Integrative Process 1: Opportunity
I am preparing to speak this coming week at a Youth Climate Summit where the theme is “Make it Happen”. I started thinking about climate change and our resistance to the goals we must face in this new realm of climate uncertainty. We seem to want to solve our new problems with our old methodologies which are not informed enough to do the job. So what happens when we reframe the problem at hand? What if we started to approach the complexities of climate change as something that is being done FOR us or even WITH us, instead of To us or BECAUSE of us? What happens if we, including all the believers in a superior being and all those who seek to prove a scientific start-point to human existence, approach the challenges of our present and future as an opportunity to learn, grow, adapt and excel?
A new world of potential, that’s what happens. We can ditch the guilt and avoid the limits defined by the perspective of what we used to know and we can choose to amplify the options ahead.
When you have a project, and a problem arises, what do you do? Think for a minute about a design project, or a project at work or at home…what happens when you try to solve a problem?
- Is the approach to “get back on track”? In reframing our response to problems, and to climate change, as something being done FOR us we can identify not only what we can learn from the problems, but how the problem may, in fact, reveal the inadequacy of the poor solutions we are working so hard to achieve.
- Is the approach to “get it done on time and on budget”? In reframing our response we can take the time we need to ask if the goals we’ve set are the right goals. Doing the wrong things on time and on budget are often thought of as well-done things, but they are still wrong.

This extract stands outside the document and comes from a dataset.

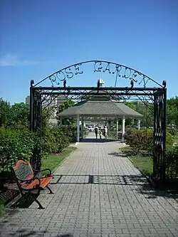The addition of a rose garden to the park originated with H.C. Schuppel in 1935, a chairman of a rose garden club called the "Cut Worms." Work on the project began in earnest in 1939 with a total of 2800 roses planted, some from Villa Nurseries in Portland, Oregon. The Rose Garden was officially dedicated that year.
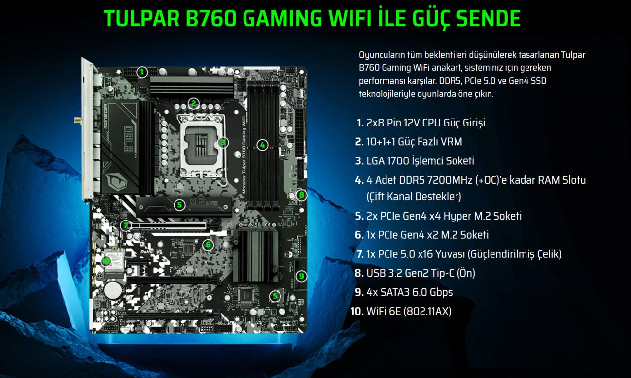 Sistemin merkezinde yer alan Monster B760 Gaming WiFi anakart, modern masaüstü platformdan beklenen tüm özellikleri sunuyor.

- Is the approach to shifting blame to a circumstance or to a restriction such as lack of budget or lack of knowledge or lack of focus? This is one of the most dangerous justifications in that it removes all impetus to address the issues. I had a professor who said that anyone can claim creativity when there are no limits, but it is only in a problem with limits that true creativity can be sparked, and exemplary results obtained. In addition, if nothing is in your control, why bother? I would rather accept the responsibility as mine, and engage my team in the excitement of discovery and potential for great success.
If you limit problem solving in your work to bringing the work back up to the status quo, you have missed an opportunity. If you identify clear principles for the work and there is global buy-in from the team, every problem can be used as a trampoline for additional achievement.
Need an example? Here’s a very simple one from my experience with our first home, a mobile home on 11.83 acres of land in Petersburgh, NY. I had designed a new house for the property, and step one was to identify some pine trees and cut them down to mill them for finish lumber in the house and to clear space for the construction. A neighbor, who had great experience with felling trees, offered to help us. In short, things went wrong on the 4th tree, and we ended up with a rather significant hole in the roof of our existing abode.
If we had looked at this problem as something for us to simply fix in order to get back on track to the stated goal, we would have patched the hole, blamed the neighbor, and moved on. Instead we asked a few questions such as “is the hole in a good place” and “how can we benefit from this goof” and “how much beer can we get out of our neighbor and for how long”. Okay, that last one is not so serious, but he did feel awful, and when we realized the hole was dead center in our bedroom ceiling and decided to put in a skylight while the opportunity existed, he bought the skylight for us. The mistake that could have just been “fixed” informed us as to what was POSSIBLE.
In an institutional project, a discussion about using valance radiant cooling and heating was providing us the problem of needing to add more to the floor to floor height to accommodate the bunk bed configuration that was normal for that university campus, and clear the valance location. It could have ended up with one of two options, one to add money into the budget to increase the building envelope and use valance radiant, and one to not do so and rely on conventional heating with all of the issues the campus had dealt with in the past. Instead we started asking questions, looking at this problem with the powerful connotation of “opportunity”. We reminded the team of the principles and goals for the project, discovering none of them led to bunk beds being a “must”. We discussed the ins and outs of using single beds instead of bunk beds in this dorm and the campus started to get excited about making this a differentiator for that residence hall that could appeal to seniors and grad students. A problem became an opportunity for greater achievement including greater occupant satisfaction.
What changes when we embrace the notion that Climate Change is being done FOR us?
This is one of the aspects of integrative process that appeals to me the most, and makes the concept most valuable. It’s a rather simple, yet difficult, change of perspective. How can this problem be used as a spur for optimal effect? How can this “no” inform the “yes”? How can this obstacle make the design reach an even better solution?